Afghanistan: Humanitäre Hilfe braucht militärischen Schutz


Shleter Now-Mitarbeiter in Afghanistan mit dem internationalen Direktor Georg Taubmann in der Mitte. Foto: Shelter Now
B r a u n s c h w e i g (idea) – Das in Afghanistan tätige christliche Hilfswerk Shelter Now (Zuflucht Jetzt) ist dankbar für den Schutz durch internationale Streitkräfte, insbesondere die Bundeswehr. Sie stärke die lokale Regierung, Polizei und Sicherheitskräfte und stabilisiere die Sicherheit, unterstrich der internationale Direktor, Georg Taubmann, gegenüber idea.
Er war 2001 mit sieben anderen ausländischen Shelter-Mitarbeitern als Geisel in die Gewalt der radikal-islamischen Taliban geraten und sollte zum Tode verurteilt werden. Nach 102 Tagen kamen die Gefangenen am 15. November 2001 wie durch ein Wunder frei. Taubmann kehrte später nach Afghanistan zurück, wo er die Hilfs- und Aufbauprojekte von Shelter Now koordiniert. Das Werk ist seit 1983 in Pakistan und seit 1988 in Afghanistan tätig. Wie Taubmann am 22. November in Braunschweig am Rande der Feiern zum 25-jährigen Bestehen von Shelter Now sagte, befinde sich Afghanistan nach dem Niedergang der Taliban-Diktatur in einer sensiblen Aufbauphase. Ohne militärischen Schutz könne das Land nicht überleben. Destabilisierung sei die größte Bedrohung. Einheimische Kriegsfürsten, Drogenbarone sowie die Taliban und Interessengruppen umliegender Länder seien Gegner eines stabilen Wiederaufbaus. Sollte ihr Einfluss wachsen, sei erneut mit Chaos zu rechnen. Taubmann: „In diesem Fall können sich keine ausländischen Organisationen mehr halten. Das wäre das Aus für den Wiederaufbau des Landes und jedes menschenwürdige Leben.“

Katastrophenwinter befürchtet
Nach Angaben des deutschen Shelter-Now-Direktors, Udo Stolte (Braunschweig), steht Afghanistan wegen des trockenen Sommers vor einer Nahrungsmittelknappheit. Ohne Hilfe von außen werde die Bevölkerung abermals einen Katastrophenwinter erleben. Stolte hat sich selbst ein Bild von der Lage im Einsatzgebiet des Hilfswerks verschafft. Rund 2.000 Familien benötigten dringend Holz, Nahrung und Decken. Mit relativ geringem finanziellem Aufwand könne man dies auf heimischen Märkten beschaffen und einer Hungersnot zuvorkommen. Regierungsmittel stünden nicht mehr zur Verfügung. Das Auswärtige Amt sehe zurzeit dringenderen Bedarf in anderen Regionen. Umso wichtiger seien Spenden.

Safran statt Opium
Shelter Now will vor allem in nachhaltige Entwicklungsprojekte investieren. So hoffe man, mit Safran- oder Obstanbauprojekten Afghanen eine Alternative zum Opiumanbau bieten zu können. Bereits in diesem Winter könne mit dem Verkauf des Safrans in Deutschland gerechnet werden. Mit dem Gewürz in höchster Qualität lasse sich weit mehr verdienen als mit Opium. Finanziert werde das Projekt durch eine Art Kleinkreditsystem. Die Bauern erhalten die Safranknollen kostenlos, müssen aber in den ersten fünf Jahren 20 Prozent der Ernte an Shelter Now abgeben. Damit kann das Hilfswerk anderen Familien helfen.

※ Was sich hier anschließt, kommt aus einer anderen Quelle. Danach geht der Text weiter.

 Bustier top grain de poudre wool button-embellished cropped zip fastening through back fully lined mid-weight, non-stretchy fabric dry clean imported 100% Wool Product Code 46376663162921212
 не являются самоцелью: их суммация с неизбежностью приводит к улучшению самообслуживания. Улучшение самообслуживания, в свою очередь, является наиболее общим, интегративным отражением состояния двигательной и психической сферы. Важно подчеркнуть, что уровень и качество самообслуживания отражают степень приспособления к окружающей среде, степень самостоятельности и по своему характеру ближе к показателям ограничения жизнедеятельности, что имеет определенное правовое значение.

Hilfe für Erdbebenopfer in Pakistan
Aktuelle Nothilfe leistet das Hilfswerk in Pakistan. Nach dem Erdbeben in der Provinz Baluchistan, bei denen Anfang November bis zu 400 Menschen starben, fehle es vor allem an winterfesten Zelten, so Stolte. Schätzungen zufolge seien 120.000 Pakistaner obdachlos. Tausende Häuser seien zerstört oder beschädigt. Bei bis zu minus zehn Grad müssten viele Familien im Freien übernachten.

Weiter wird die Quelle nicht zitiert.